Speaking at the first Iberian Lawyer In-House Club meeting of 2009, Gonzalo Ferná¡ndez, Chief Administrative Officer at RBC Dexia Investor Services in Spain, sparked a hot debate by asking whether the economic crisis is likely to further increase the pressure on law firms to abandon billing by the hour.
His comments were prompted by a debate recently begun in the US in which a number of prominent lawyers had acknowledged that hourly billing is often unsatisfactory for both clients and law firms.
Among the key issues that such an approach raises, stated in-house lawyers, are concerns over communication and transparency, and that there is often no correlation between cost and quality of service. “Increasingly we want to see full information in order to justify where the costs have been – and it is no longer suitable to simply put down time under headings like ‘internal meeting’ – which I do not want to pay for,” said one.
Beatriz Martínez – Falero, Director Asesoría Jurídica, Grupo Mahou-San Miguel, noted that the issue is not always about cost but the way that hours are being used. Law firms need particularly to be more effective in delegating responsibilities between client teams, she says. “Sometimes it is difficult for clients to analyse and measure time sheets and to know if the assignment of time for partner, senior associate and junior is the most appropriate for the work developed. For that reason, clients normally prefer to work under a closed budget or, at least a combination of both systems in such a way that the final cost can be easier to forecast and be controlled by the client.”
Partners from the law firms present acknowledged that in the face of such concerns, and increasing pressure on clients’ legal budgets, they were open to more flexible ways of billing.

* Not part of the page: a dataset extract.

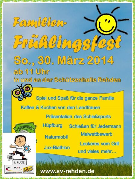 Diesem Aufruf zum Familien-Frühlingsfest auf dem Gelände vom Schützenverein Rehden folgten viele interessierte Gäste aus Nah und Fern. Die Verantwortlichen hatten dazu noch den sprichwörtlich guten Draht zum Wettergott, die Sonne ließ es sich nicht nehmen, vom frühen Morgen bis zum Abend anwesend zu sein!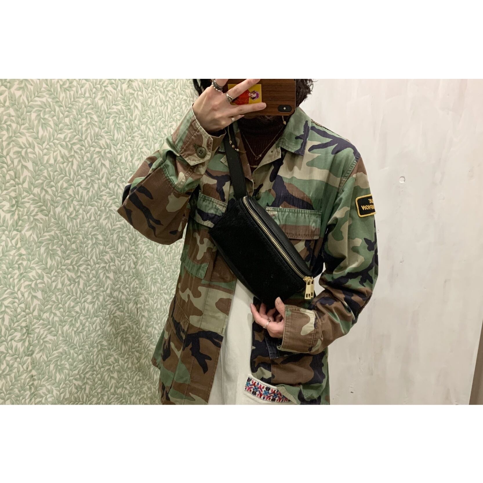 vintage/westpouch/far/ヴィンテージ/ウエストポーチ/黒色/ファー

Gonzalo Fernández drew on an analogy recently used by Evan Chesler, managing partner of Cravath Swain & Moore: “When you ask a craftsman to build a kitchen you work out a reasonable cost based upon their specific skills, costs, time and the benefit you will derive. It is also up to law firms to also assess what their clients require, to build in contingencies and where applicable incentives.”
Others emphasised that the issue is however not always a difficult one for clients “We regularly work with close estimated fees previously submitted to the client’s considerations. We are aware that cost management and the demand for internal efficiency on each project are key issues for our clients which may require considering new invoicing formulas that respond to the client’s interests, favour transparency and simplify internal management.” said Jose Antonio Caínzos, Head of Dispute Resolution at Clifford Chance in Madrid.
For one Head of Legal present, litigation is a field however in which billing by the hour is always difficult to justify. “Billable hours are illogical as law firms need motivation, and some financial reward, for resolving disputes without long and drawn out costs.”
A number of in-house lawyers referred with interest to the recent decision of the Spanish Supreme Court approving the use of “success fees” by lawyers, but nonetheless highlighted the importance of ensuring that clients and lawyers’ interests were aligned.
“Success fees have the potential to create uncertainty as a client’s interests in settling a case might conflict with the law firm’s incentive to win a victory, but the risks are clearly less where there is a strong bond of trust with the external advisers. The key is to build that trust,” said Fernández.
For others however trust is an issue that must permeate through the entire client–lawyer relationship. “A client has to trust their external lawyers on all issues, no more no less, including costs. Clearly however you will not want to incur higher costs on unsuccessful projects,” said Manuel Liedo, General Counsel at Metrovacesa.